_Your goal_
Look in the material below for the line holding "Hier finden Sie". Set it down exactly, with each later line up to and including the line holding "Der Nectar Impact".

_Information provided_
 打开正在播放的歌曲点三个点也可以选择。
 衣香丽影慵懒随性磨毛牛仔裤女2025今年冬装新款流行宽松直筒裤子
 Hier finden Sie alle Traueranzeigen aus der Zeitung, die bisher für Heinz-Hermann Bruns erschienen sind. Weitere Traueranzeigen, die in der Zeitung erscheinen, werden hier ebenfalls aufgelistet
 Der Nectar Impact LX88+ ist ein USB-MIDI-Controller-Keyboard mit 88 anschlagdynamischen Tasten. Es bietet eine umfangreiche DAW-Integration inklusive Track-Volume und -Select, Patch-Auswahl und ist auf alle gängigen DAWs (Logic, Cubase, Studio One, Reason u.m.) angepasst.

---

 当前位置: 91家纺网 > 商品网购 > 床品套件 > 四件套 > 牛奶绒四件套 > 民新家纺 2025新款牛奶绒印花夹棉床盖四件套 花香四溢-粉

_Response area_
 Hier finden Sie alle Traueranzeigen aus der Zeitung, die bisher für Heinz-Hermann Bruns erschienen sind. Weitere Traueranzeigen, die in der Zeitung erscheinen, werden hier ebenfalls aufgelistet
 Der Nectar Impact LX88+ ist ein USB-MIDI-Controller-Keyboard mit 88 anschlagdynamischen Tasten. Es bietet eine umfangreiche DAW-Integration inklusive Track-Volume und -Select, Patch-Auswahl und ist auf alle gängigen DAWs (Logic, Cubase, Studio One, Reason u.m.) angepasst.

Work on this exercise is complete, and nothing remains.